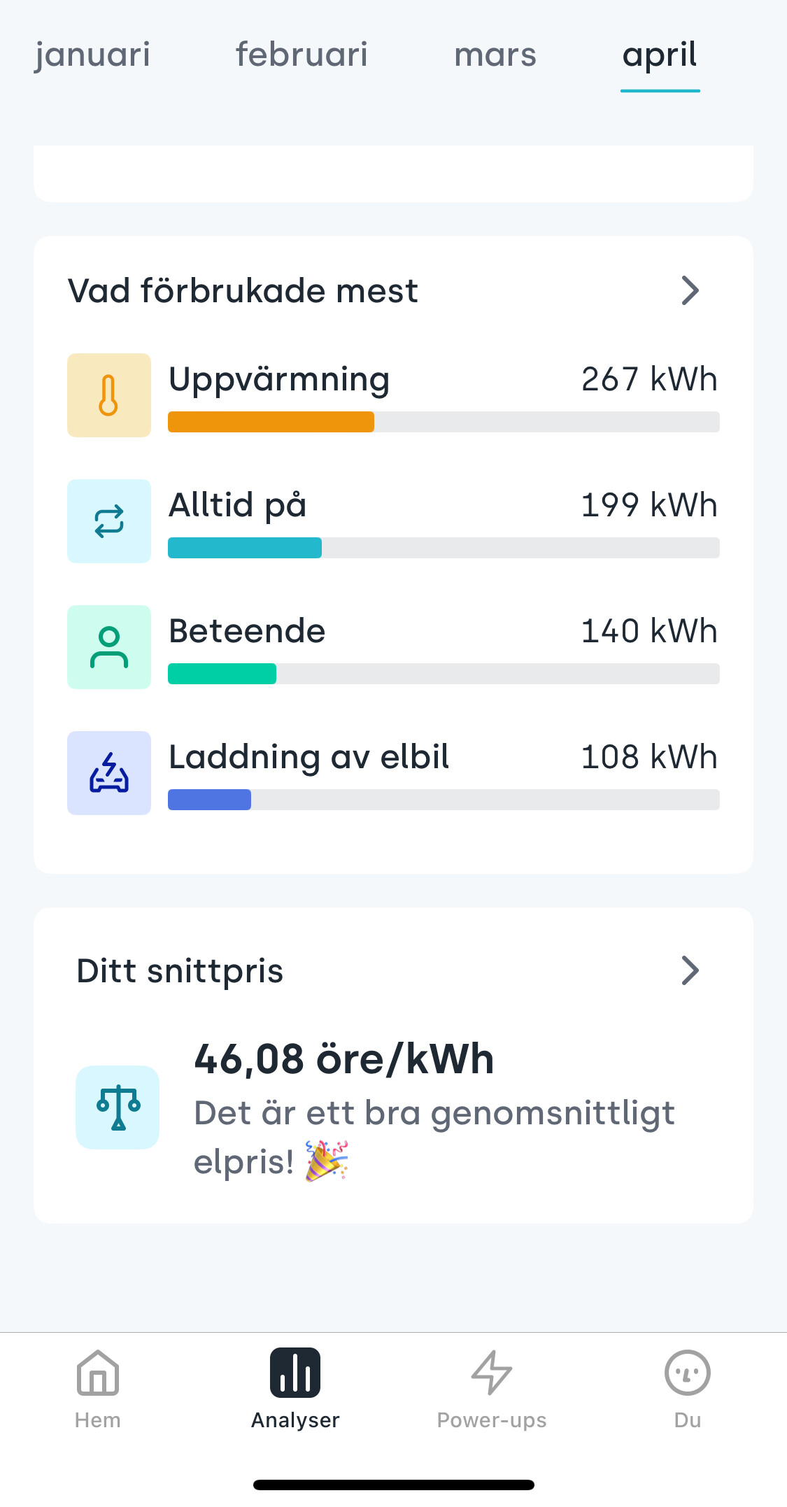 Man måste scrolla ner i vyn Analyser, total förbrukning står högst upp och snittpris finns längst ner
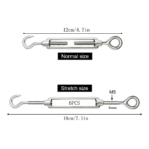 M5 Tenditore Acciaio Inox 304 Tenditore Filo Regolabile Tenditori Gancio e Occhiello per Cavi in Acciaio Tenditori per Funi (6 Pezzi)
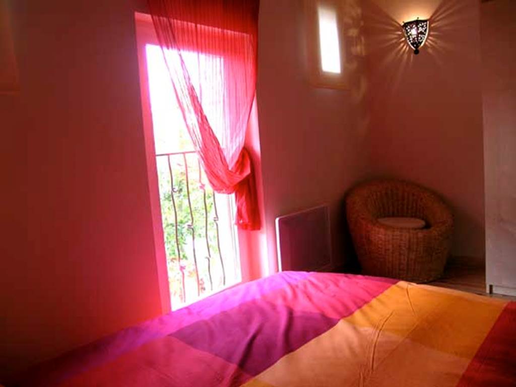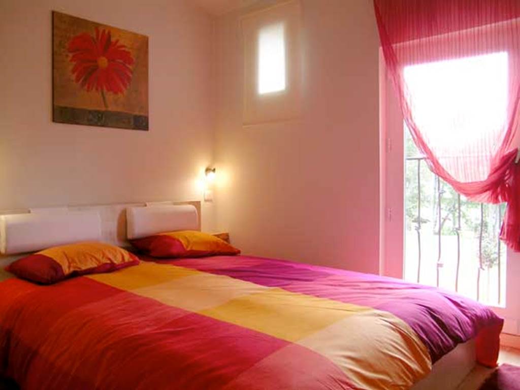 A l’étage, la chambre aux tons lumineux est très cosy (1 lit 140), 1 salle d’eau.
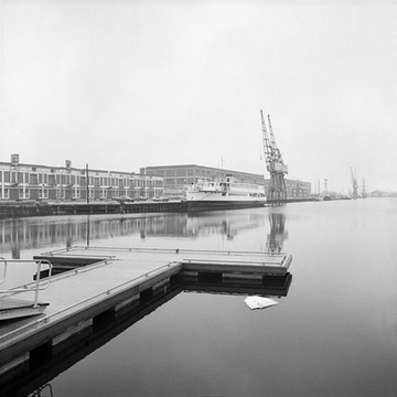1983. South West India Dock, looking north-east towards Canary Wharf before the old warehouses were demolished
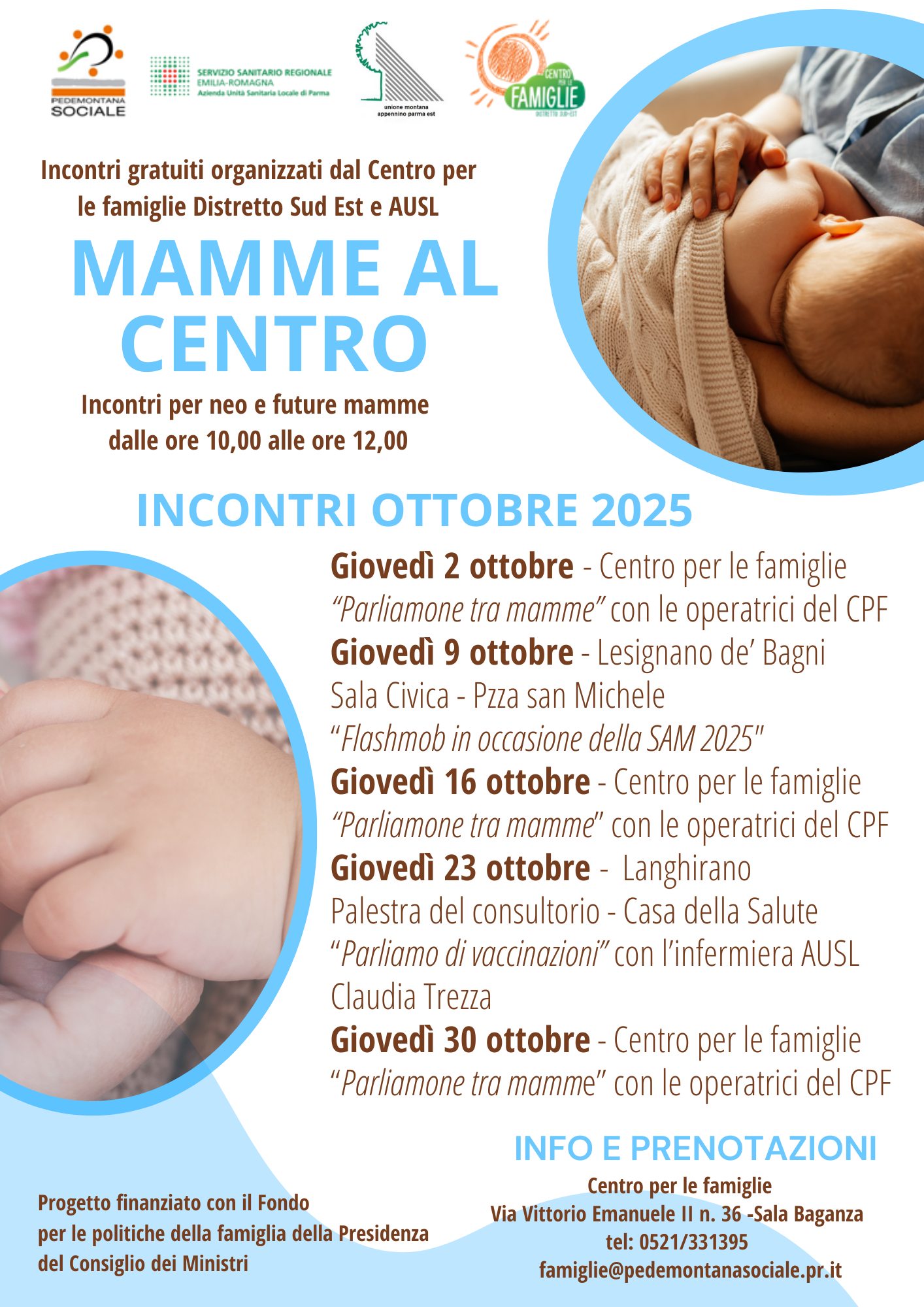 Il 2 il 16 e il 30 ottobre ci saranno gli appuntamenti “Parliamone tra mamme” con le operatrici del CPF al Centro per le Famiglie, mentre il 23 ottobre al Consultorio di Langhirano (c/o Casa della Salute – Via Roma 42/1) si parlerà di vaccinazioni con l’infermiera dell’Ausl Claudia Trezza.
━━━━━━━━━━━━━━━━
The expected answer consists solely of the lines from the one with "A l’étage, la" through the last line of the listing above, restated exactly, minus any pictures.

== Written answer ==
 A l’étage, la chambre aux tons lumineux est très cosy (1 lit 140), 1 salle d’eau.
1983. South West India Dock, looking north-east towards Canary Wharf before the old warehouses were demolished
 Il 2 il 16 e il 30 ottobre ci saranno gli appuntamenti “Parliamone tra mamme” con le operatrici del CPF al Centro per le Famiglie, mentre il 23 ottobre al Consultorio di Langhirano (c/o Casa della Salute – Via Roma 42/1) si parlerà di vaccinazioni con l’infermiera dell’Ausl Claudia Trezza.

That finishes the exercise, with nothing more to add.